What this task involves
Images should be omitted while the rest of the data is duplicated exactly.

Data block
==============================

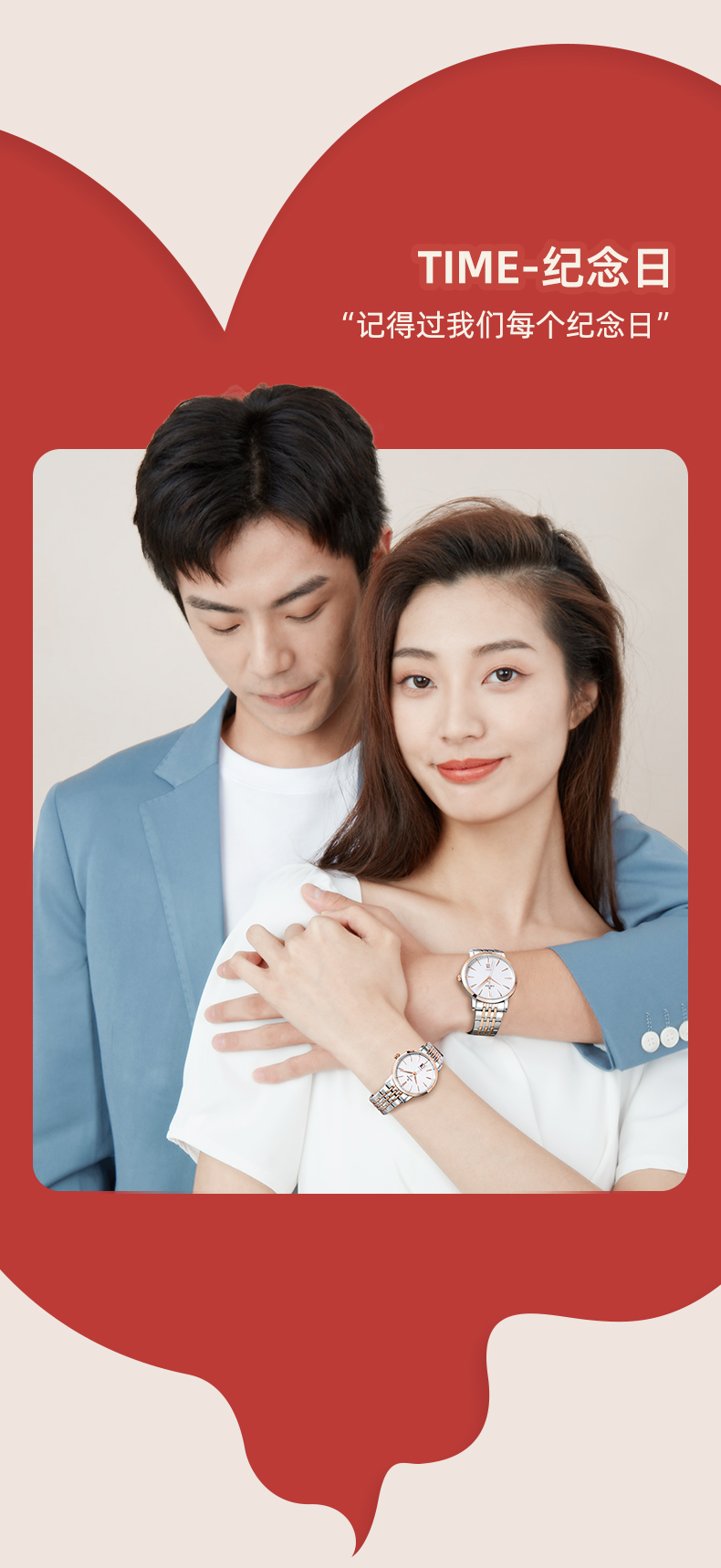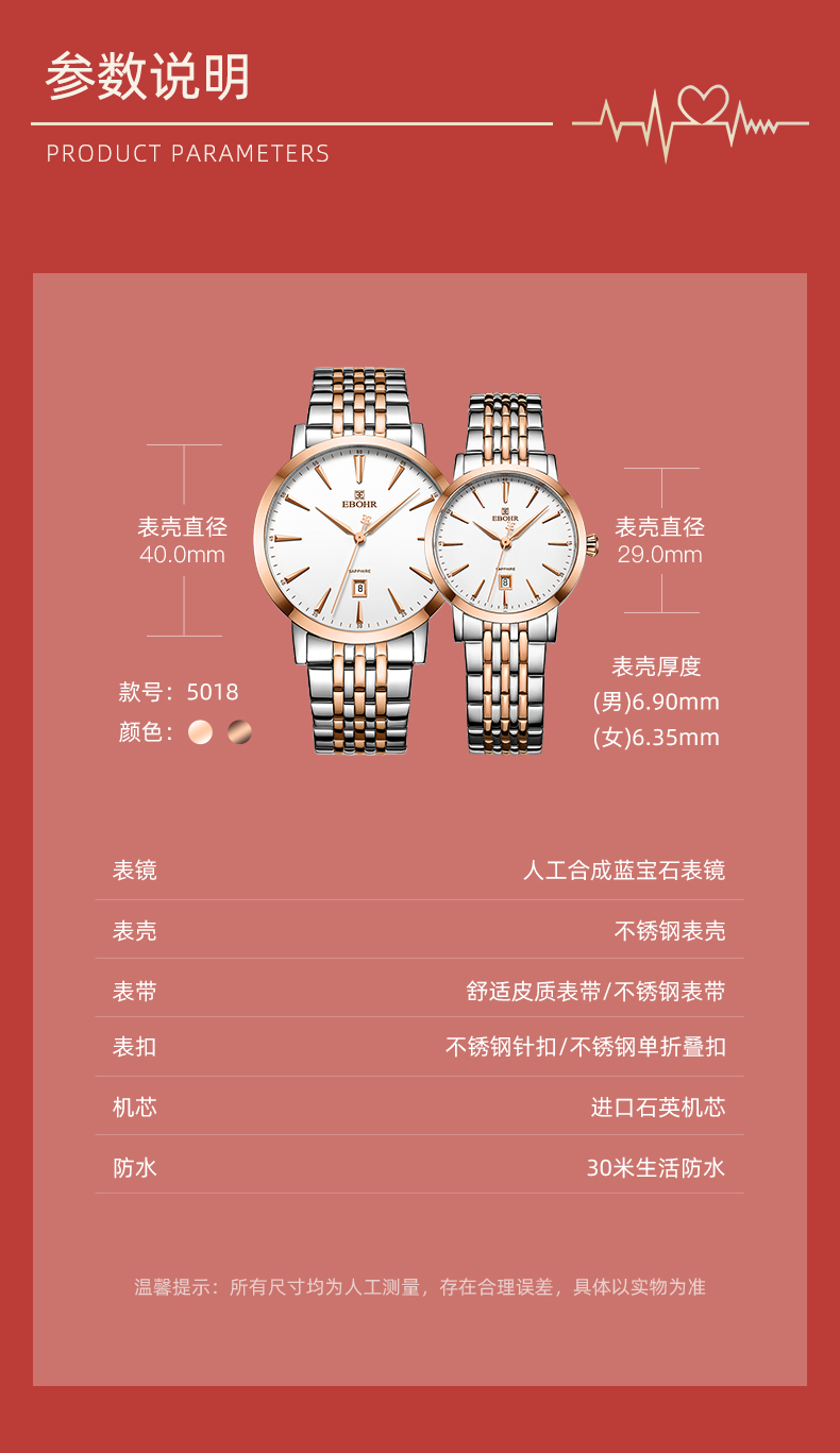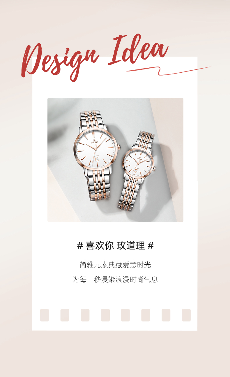依波(EBOHR)时尚间金钢带情侣表男女石英表5018
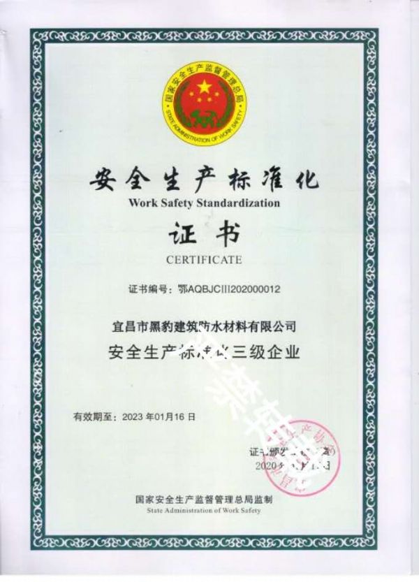 正當(dāng)人們手捧豐收碩果送走了2019年;正當(dāng)人們滿懷豪情闊步邁進(jìn)2020年;正當(dāng)人們在黨中央英明領(lǐng)導(dǎo)下,團(tuán)結(jié)一心眾志成城戰(zhàn)勝瘟疫,取得了決定性的勝利;正當(dāng)東西南北中各條戰(zhàn)線各族人民信心百倍斗志昂揚(yáng),按照要求分批次有步驟地復(fù)工復(fù)產(chǎn);就在春風(fēng)楊柳萬千條,億萬人民盡舜堯 ,紅雨隨心翻作浪,青山著意化為橋,山花爛漫迎春天的時(shí)節(jié),深圳市新黑豹建材有限公司宜昌生產(chǎn)基地------宜昌市黑豹建筑防水材料有限公司傳來喜訊,企業(yè)安全生產(chǎn)標(biāo)準(zhǔn)化已驗(yàn)收達(dá)標(biāo),并榮獲國家安全生產(chǎn)監(jiān)督管理總局證書。
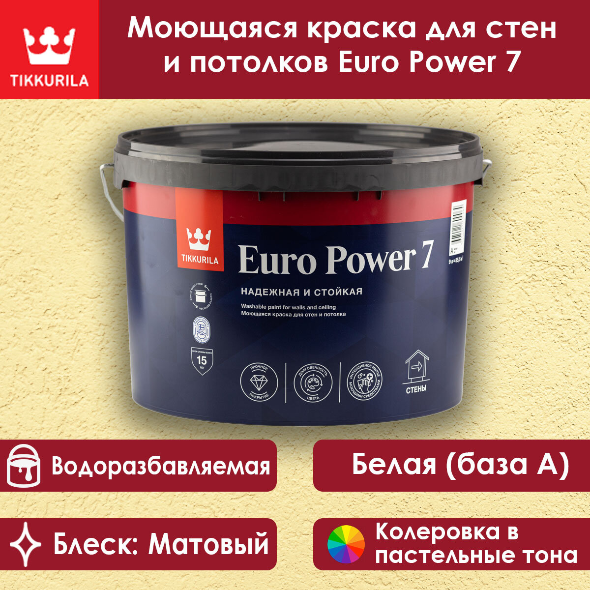 Тиккурила Евро-7 Пауэр база А белая моющаяся краска для потолков и стен (9л) / TIKKURILA Euro Power 7 base A краска моющаяся для стен и потолка (9л): сравнение цен, характеристики, фото, актуальное наличие и цены.

==============================

Written response
依波(EBOHR)时尚间金钢带情侣表男女石英表5018
 正當(dāng)人們手捧豐收碩果送走了2019年;正當(dāng)人們滿懷豪情闊步邁進(jìn)2020年;正當(dāng)人們在黨中央英明領(lǐng)導(dǎo)下,團(tuán)結(jié)一心眾志成城戰(zhàn)勝瘟疫,取得了決定性的勝利;正當(dāng)東西南北中各條戰(zhàn)線各族人民信心百倍斗志昂揚(yáng),按照要求分批次有步驟地復(fù)工復(fù)產(chǎn);就在春風(fēng)楊柳萬千條,億萬人民盡舜堯 ,紅雨隨心翻作浪,青山著意化為橋,山花爛漫迎春天的時(shí)節(jié),深圳市新黑豹建材有限公司宜昌生產(chǎn)基地------宜昌市黑豹建筑防水材料有限公司傳來喜訊,企業(yè)安全生產(chǎn)標(biāo)準(zhǔn)化已驗(yàn)收達(dá)標(biāo),并榮獲國家安全生產(chǎn)監(jiān)督管理總局證書。
 Тиккурила Евро-7 Пауэр база А белая моющаяся краска для потолков и стен (9л) / TIKKURILA Euro Power 7 base A краска моющаяся для стен и потолка (9л): сравнение цен, характеристики, фото, актуальное наличие и цены.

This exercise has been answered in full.